Mas a quantidade de pessoas ali é tamanha que o venezuelano só conseguiu uma data para ver um juiz em 2026. Até lá, carrega papéis que dizem que eles podem permanecer no país enquanto a audiência não acontece, os documentos mais importantes que têm. Rodríguez, que tinha um pequeno comércio em Caracas antes de emigrar, diz à Folha que é perseguido político na Venezuela e que não pode voltar ao país de origem enquanto o regime atual estiver em vigor —base do seu pedido de asilo.

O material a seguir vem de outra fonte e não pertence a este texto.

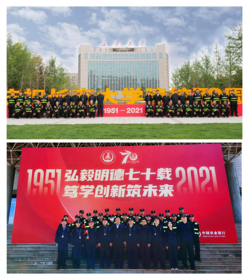 從前期工作籌備,到校慶中門崗值守、交通指揮、活動安保,保衛處全體人員盡職盡責、相互協作,凝心聚力、恪盡職守,筑牢安防堡壘,充分展現長大保衛隊伍精神風貌,圓滿完成了此次長安大學70周年校慶校園安全保衛任務!
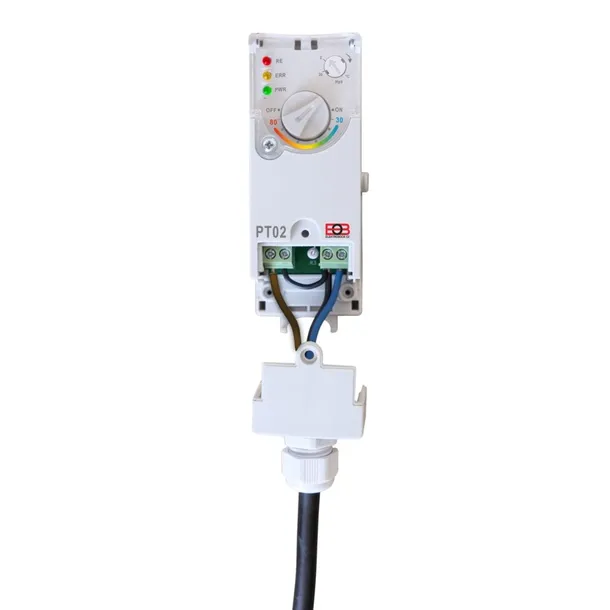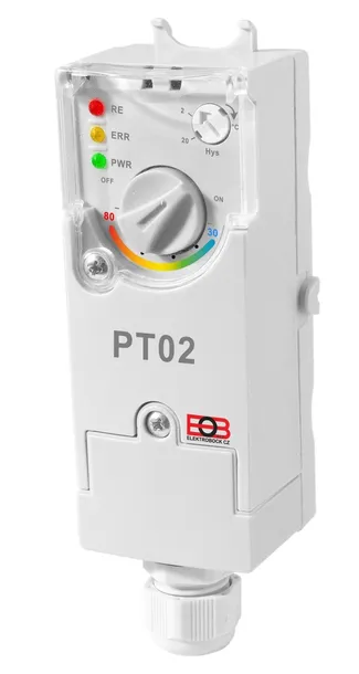 Elektroniczny termostat przylgowy Elektrobock PT02 służy załączania i wyłączania pomp obiegowych w zależności od ustawionej temperatury i histerezy. Zaletą jest regulowana histereza (2 °C do 20 °C), łatwa regulacja sterowania temperaturą i prosty montaż bezpośrednio na powierzchni rury. Termostat posiada funkcję ochrony przed osadzaniem się kamienia w pompie. Mocowanie do rury sprężynującą opaską. Elementy sterujące i styki podłączeniowe zabezpieczone osłonami z tworzywa sztucznego mocowanymi za pomocą śrub.

Agora, porém, não precisou justificar nada disso às autoridades. Apenas indicou quem era seu “patrocinador” no país, um amigo que vive no estado de Utah e é responsável por abrigá-lo. O processo será analisado pelo juiz no próximo encontro. Se o pedido não for aprovado, os imigrantes podem ser deportados e sofrer uma proibição de cinco anos de entrar novamente em solo americano.

Mas nem todos estavam convencidos de que se entregar era a melhor opção. Em ruas mais afastadas da igreja, muitos questionavam se seriam presos. José Abraham, 18, outro venezuelano, diz ter ficado preso por uma semana após se entregar a autoridades americanas do outro lado da fronteira.

No centro de detenção, tiraram adereços, cadarço e cinto, enquanto ele aguardava o processo. Recebia três refeições simples por dia —uma laranja pela manhã, um burrito no almoço e um sanduíche à noite—, dormia no chão, porque não havia colchonetes suficientes, e se cobria com um cobertor de alumínio.

Uma semana depois, porém, conseguiu sair com uma data marcada para ver um juiz, em 2025. Em El Paso, com sorte, como ele mesmo afirma, conseguiu juntar o dinheiro para ir a Denver. Não escondia a emoção de partir. O jovem, que viveu antes na Colômbia e no Equador, resume o sentimento: “Saí sozinho do meu país com 15 anos para tentar ter uma vida melhor, e agora espero conseguir”.